══ GIVEN MATERIAL
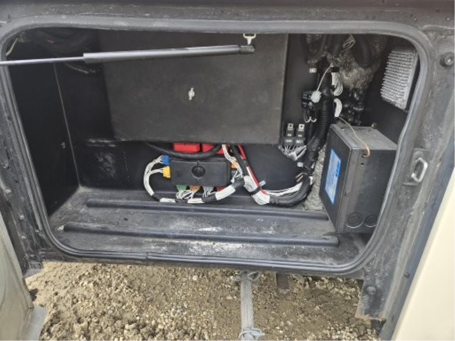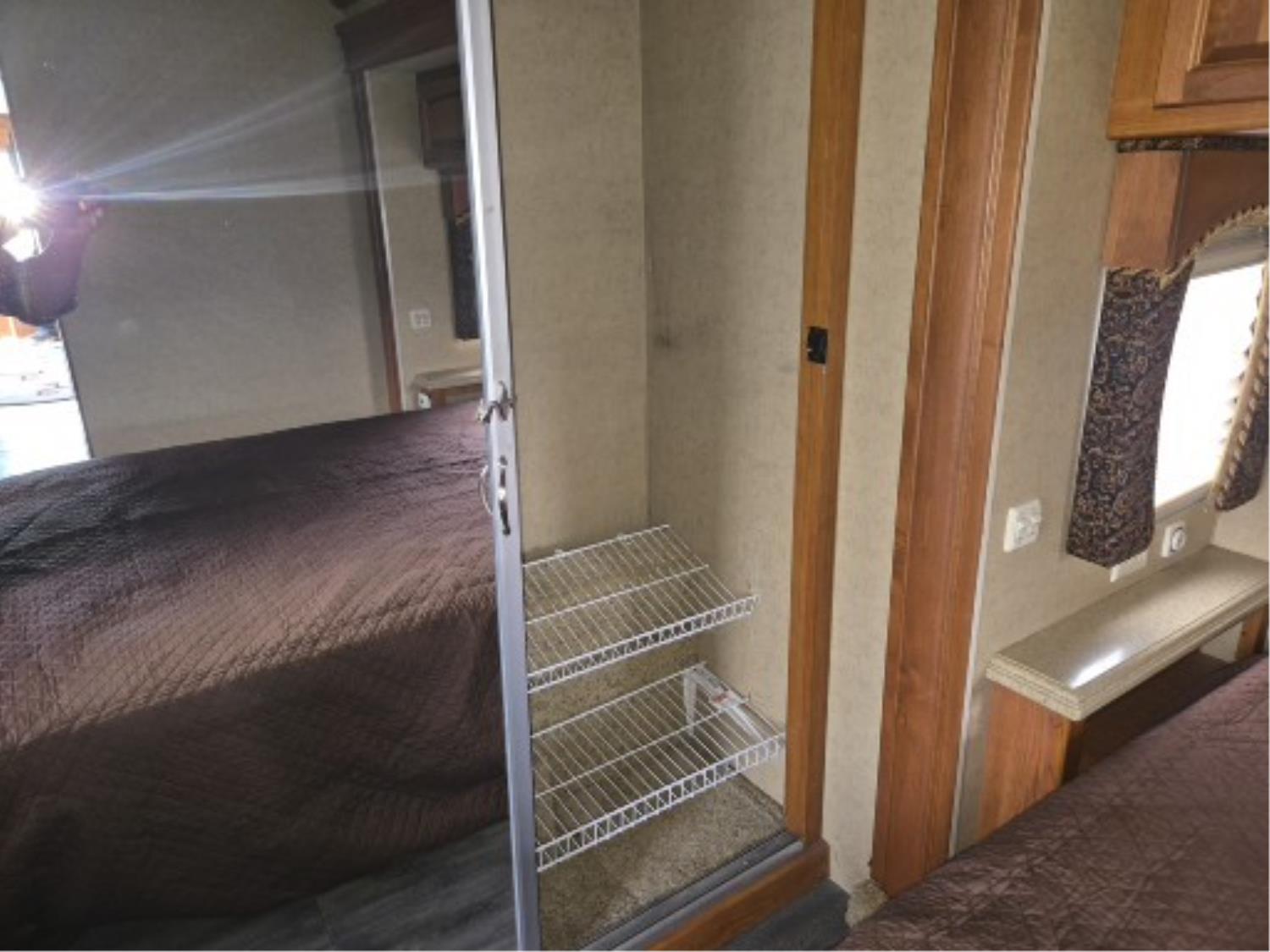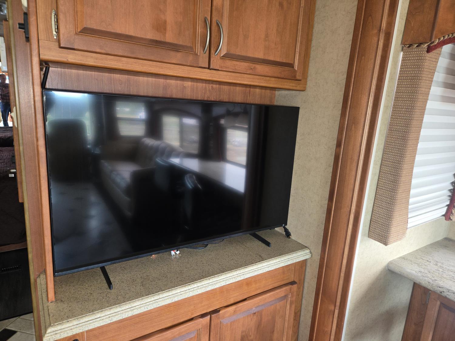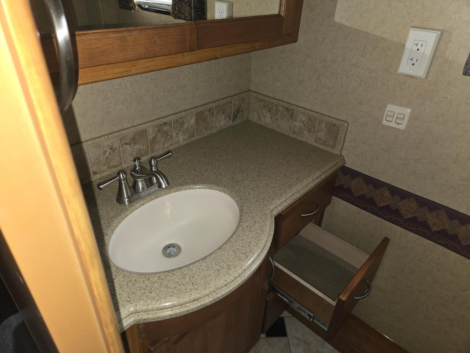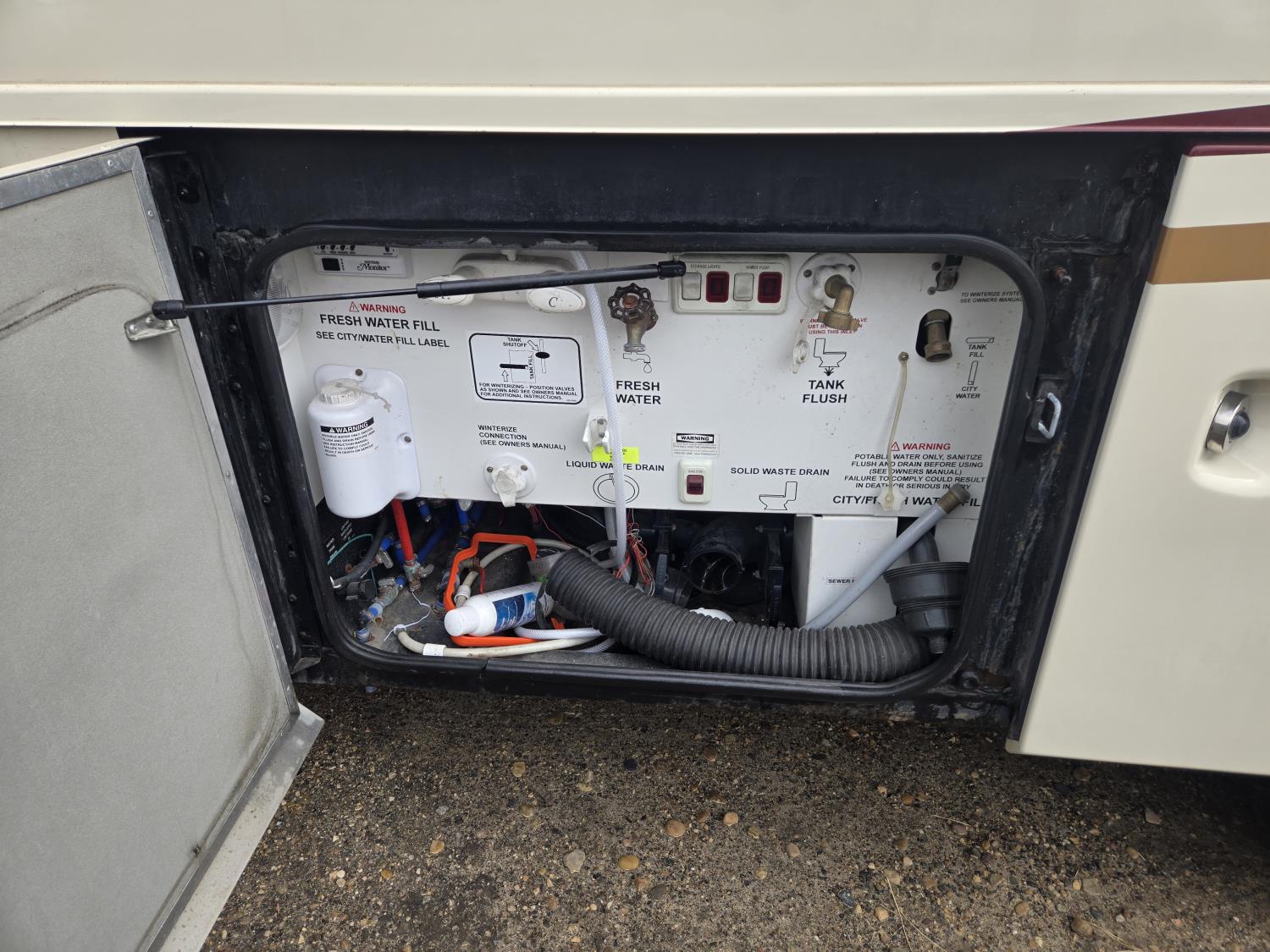 Cummins 400 HP engine, Allison transmission, (4) slides, (1) main awning, (4) smaller awning over windows and door, Onan 8000 watt quiet diesel generator with 2377 hrs, fridge with freezer, stove top, microwave, full washroom, rear bedroom with queen bad, vacuum, (2) AC units, (2) TV's, aluminum wheels, 11R22.5 tires
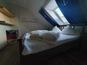Das Schlafzimmer ist ausgestattet mit 160 x 200cm großem Doppelbett.
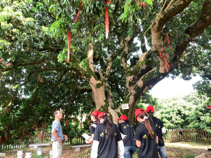 在百年荔枝树下,茂霞村书记为实践队员解读了这棵五百年历史的荔枝树所蕴含的历史信息,同时对其科学管理和保护措施进行了深入探讨。紧接着,实践队员移步至茂霞村的荔枝博物馆,通过馆内丰富的图文展示和互动体验,全面了解了荔枝的起源、品种演化以及在当地经济社会发展中的重要地位。在活动最后,实践队员们参观了荔枝园,实地观察了果农们采摘荔枝的过程,并品尝了当地荔枝。
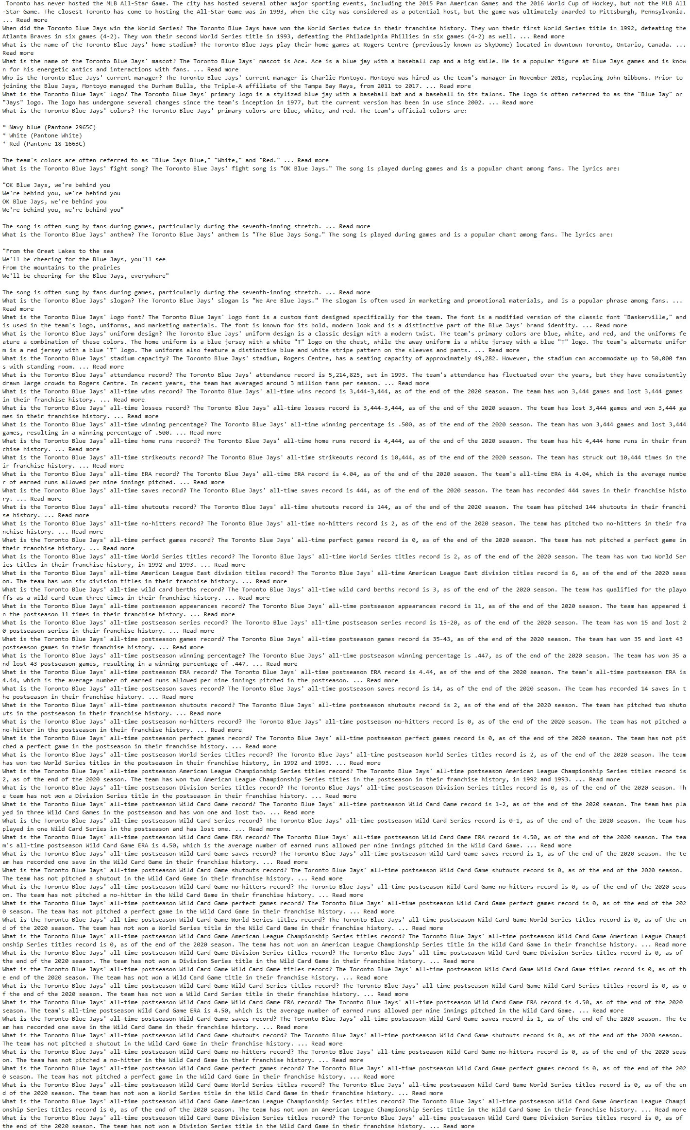 检索到的 200 条文档中提到 toronto 的很少,而且含有 tornto 文档大多也与问题无关,能精确匹配答案的有 3 条。其中 top-10 都在介绍 National Hockey League All-Star Game,top-20 有 3 条 Major League Baseball All-Star Game 的介绍。
════
• [HOW TO COMPLETE THIS TASK]
Exactly the lines from the one containing "Das Schlafzimmer ist" through the end of the data above: repeat those, both ends included, and nothing else. Skip the pictures.

• [THE COMPLETED TASK]
Das Schlafzimmer ist ausgestattet mit 160 x 200cm großem Doppelbett.
 在百年荔枝树下,茂霞村书记为实践队员解读了这棵五百年历史的荔枝树所蕴含的历史信息,同时对其科学管理和保护措施进行了深入探讨。紧接着,实践队员移步至茂霞村的荔枝博物馆,通过馆内丰富的图文展示和互动体验,全面了解了荔枝的起源、品种演化以及在当地经济社会发展中的重要地位。在活动最后,实践队员们参观了荔枝园,实地观察了果农们采摘荔枝的过程,并品尝了当地荔枝。
 检索到的 200 条文档中提到 toronto 的很少,而且含有 tornto 文档大多也与问题无关,能精确匹配答案的有 3 条。其中 top-10 都在介绍 National Hockey League All-Star Game,top-20 有 3 条 Major League Baseball All-Star Game 的介绍。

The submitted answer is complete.